In 1928 he assumed his first adult cantorial position, officiating on the High Holidays at the Beth Israel Synagogue on Columbia Street in Cambridge, Mass. In 1929 Waldman became the cantor of Temple Emanuel of Passaic, where he remained until 1934. Waldman then served one year at the Mount Eden Jewish Center in the Bronx.

At this point in his career,  Waldman elected not to accept full-time cantorial positions, instead working on the High Holidays in many prominent venues, including Hunt's Point Palace (1936 and 1937), the Bronx Winter Garden (1938), the Concord Hotel and Grossinger's Catskill Resort Hotel in the Catskill Mountains (New York), Laurel In The Pines in Lakewood (New Jersey) and The Breakers (New Jersey).

In addition to singing in the synagogue, Waldman developed an extensive film career, appearing in a dozen motion pictures, including “The Voice of Israel” where he appeared with world famous cantors Yossele Rosenblatt, Mordechai Herschman, and David Roitman.  In addition he began to develop a radio career, singing for over a quarter of a century on the airwaves, appearing on stations WTBS, WMCA and WEVD, the station of the Forward Association.

During WWII, Waldman sang for Jewish troops stationed all over the United States.

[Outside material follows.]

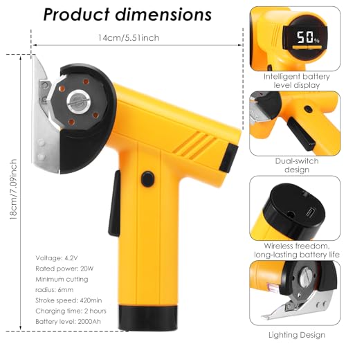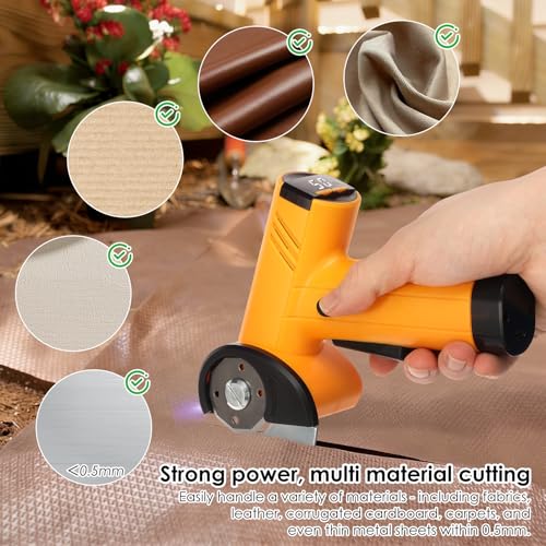 - 【Strong Power】 Equipped with a high torque brushless motor and high hardness stainless steel blade , it can easily handle various materials including fabric , leather , corrugated cardboard , carpets and even thin metal plates within 0 .5mm . The cutting process is smooth and stable , with neat and burr free edges , significantly reducing hand burden and improving work efficiency, 【4 Speed Adjustable】 It features 4 adjustable speeds to flexibly adapt to different task needs . Low speed is for fine sewing , quilting and curve cutting , medium speed is for indoor soft packaging and packaging material processing , high speed is for batch fabric cutting and light metal rapid cutting . At the same time , the built in LED power indicator screen displays the remaining power in real time to avoid work interruption, 【Long Battery Life】 Adopting a high performance rechargeable lithium ion battery , it supports long time continuous operations . The included USB charging cable allows you to charge at any time via computers , power banks or car interfaces , especially suitable for efficient processing of large size fabrics or multi piece projects, 【Safe and Reliable】 Integrated with a safety lock switch to avoid accidental startup . It is equipped with a detachable blade guard to ensure safe storage and carrying . The set includes spare blades to extend the service life of the tool . The overall structure is sturdy , combining professional strength and daily reliability , making it an ideal upgrade for manual scissors or small reciprocating saws, 【Ergonomic Lightweight Body】 Optimized weight distribution and holding angle , the whole machine is lightweight and balanced , not easy to fatigue during long time operations . It is especially suitable for users with weak hand strength , arthritis patients or users who pursue high efficiency and labor saving

The Smithsonian Institution has preserved recordings of Waldman singing “Ich Dank Dir Gott far America” (I Thank You G-d for America), and the other was “Venn Di Zihn Vellen Kommen Tzurick” (When Your Son Will Come Back From the War). He also performed for many Jewish organizations, including  Israel Bonds, the Jewish National Fund (JNF), and the Anti-Defamation League.

Waldman initiated a series of recordings, produced by Moses Asch, and issued on his label, ASCH Records. Waldman later recorded for Stinson, Disc, Banner, and following the second world war, RCA Victor. In the 1950s Waldman recorded for ABC and later for a private label, MALOH Records. During most of these years, he recorded with Oscar Julius as his conductor and Abraham Ellstein as his accompanist.

While still a young man, Waldman concertized with the renowned cantor Zavel Kwartin (in his eighties at the time) and Yossele Rosenblatt. In fact, Rosenblatt shared the stage with Waldman during his final concert in the United States before his death in Palestine in 1933.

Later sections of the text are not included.